1.7.3 Entscheidungen zur Anwendung der in G 1/03 und G 1/16 von der Großen Beschwerdekammer aufgestellten Kriterien
In T 1525/15 betraf der Einwand des Beschwerdeführers ein negatives Merkmal (d. h. einen Disclaimer) in den beiden unabhängigen Ansprüchen ("von mikrogeprägtem Aussehen frei"). Die Kammer merkte an, dass dieses Merkmal in der ursprünglichen Anmeldung nicht wortwörtlich offenbart war. Das Merkmal war im Erteilungsverfahren hinzugefügt worden, um Neuheit gegenüber D1 zu begründen, das Stand der Technik nach Art. 54 (3) EPÜ bildete. Die Kammer betonte, dass eine solche Änderung zulässig ist, (i) wenn das negative Merkmal als solches implizit in der ursprünglichen Anmeldung offenbart war oder (ii) wenn der Disclaimer in der ursprünglichen Anmeldung nicht offenbart war, aber den in der Entscheidung G 1/03 (ABl. 2004, 413) der Großen Beschwerdekammer formulierten Erfordernissen entspricht. Im vorliegenden Fall kam die Kammer zu dem Schluss, dass das negative Merkmal implizit, aber dennoch unmittelbar und eindeutig in der ursprünglichen Anmeldung offenbart war. Da das negative Merkmal als solches in der ursprünglichen Anmeldung offenbart war, musste nicht geprüft werden, ob die in der Entscheidung G 1/03 festgelegten (und in G 1/16, ABl. 2018, A70 bestätigten) Bedingungen erfüllt waren.

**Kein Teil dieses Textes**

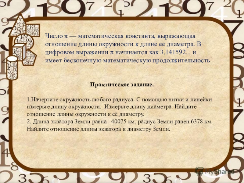 1.Начертите окружность любого радиуса. С помощью нитки и линейки измерьте длину окружности. Измерьте длину диаметра. Найдите отношение длины окружности к её диаметру.
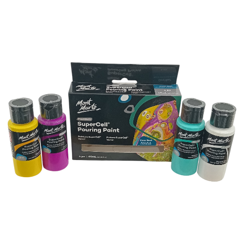Mont Marte SuperCell Pouring Paint Set | Acrylic Cell delivers effortless cell effects and lacing with advanced SuperCell® technology. The pre‑mixed formula eliminates the need for mediums, offering vibrant pigments and smooth flow straight from the bottle. With its curated Coral Reef palette, this 4‑piece set inspires ocean‑themed creations while ensuring professional results for artists of all skill levels. Reliable and ready‑to‑use, it transforms fluid art projects into striking, long‑lasting masterpieces.

In T 273/22 sah die Kammer in Bezug auf Disclaimer einen grundlegenden Unterschied zwischen (i) der in der ursprünglich eingereichten Fassung einer (früheren) Anmeldung implizit offenbarten Abwesenheit bestimmter, aus dem Vergleich der Erfindung mit dem Stand der Technik ableitbarer Merkmale und (ii) einem Anspruchswortlaut, der die zwingende Abwesenheit bestimmter Merkmale in dem im betreffenden Anspruch definierten spezifischen Gegenstand als explizites negatives technisches Merkmal angibt (d. h. einem Disclaimer in einem Anspruch). Im vorliegenden Fall handelte es sich nach Auffassung der Kammer de facto um einen nicht offenbarten Disclaimer, denn aus dem Fehlen irgendeiner expliziten Offenbarung der (angeblich) bevorzugten Abwesenheit rein menschlicher Antikörper ergaben sich Unsicherheiten. Somit galten die Feststellungen aus G 1/03, G 2/03 und G 1/16. Allein schon, weil der Disclaimer in keine der dort aufgestellten Kategorien fiel, war er unzulässig.